So, some of the big questions to ask yourself are:
- How quickly could you recover if an incident happened?
- What impact would a disaster have on your business?
- How confident are you that you could even restore all your systems and data if a disaster struck?
We always joke that putting your backup in the trunk of your car is not a plan. And even having a plan is not always enough to ensure recovery. Have you ever actually run a test and proven that you can recover? Does your plan minimize potential downtime and is it optimized for recovery costs? Everyone needs a recovery plan so how do you develop the right plan for you?
There are a few key things you’ll need to consider but the big ones are risk tolerance, recovery requirements, and understanding the different strategies and which ones will work best for you.
Risk tolerance can be uncovered by understanding your recovery point objective (RPO) and the recovery time objective (RTO). The recovery point objective says how much data the company is willing to have exposed or be at risk and the recovery time objective says how much downtime the company is willing to endure. Both of these elements will drive the options and costs for your HA/DR strategy.
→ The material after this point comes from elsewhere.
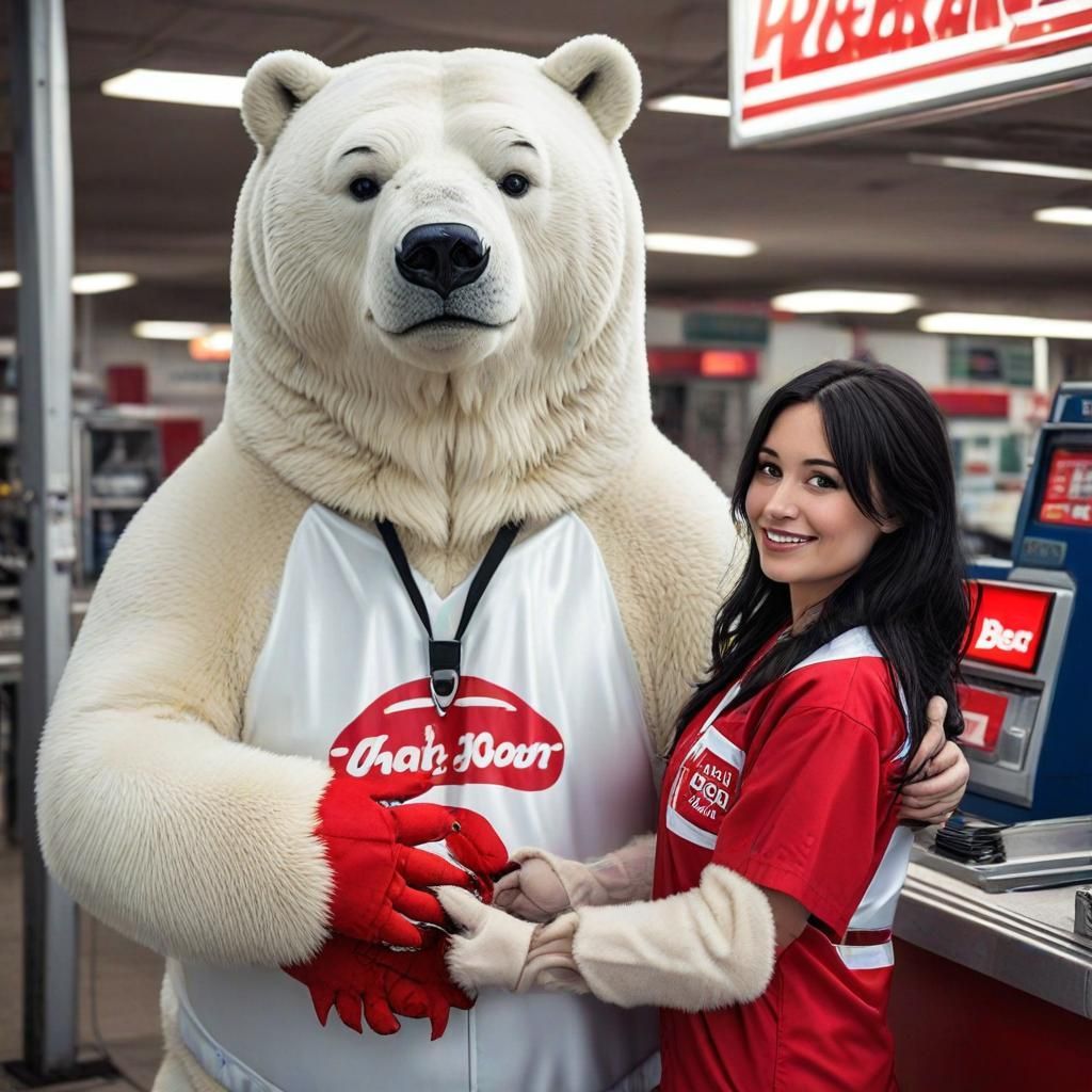 “It’s really not about you,” I said gently but firmly. “Bob… he’s the owner slash, manager … his soulmate requested a name change for the gas station, asked him to evolve the whole place into something better than just a place to buy gas and snacks. Bob took it upon himself to dress the bear because a plain polar bear is boring. And that winking eye? … a gesture of appreciation and love to his lobster friend with a promise. The Christmas lights make it sparkle at night. It’s about Bob’s relationships and commitments, not secret messages to customers.”

As you look at different strategies it is safe to assume that the smaller the recovery point, the more costs you will have – seconds will be more expensive than minutes, minutes more expensive than hours, and so on. That’s why it is critical to understand what the real cost and impact of downtime is to the business, which applications, data and systems are critical and agreeing with the business on what the recovery time needs to be.
A few key things to think about:
- Which applications and data are critical to your business?
- Who uses them and how do they use them?
- Where do those applications and data sit?
- How are they being managed, accessed and kept secure?
- How are they backed up and what would be required to recover them?
- How long can they be down?
Understanding The Differences Between HA And DR
Many people look at disaster recovery as a baseline and high availability as this gold standard. The reality is that disaster recovery should be looked at as more of a “restore the whole system from media onto another media” scenario.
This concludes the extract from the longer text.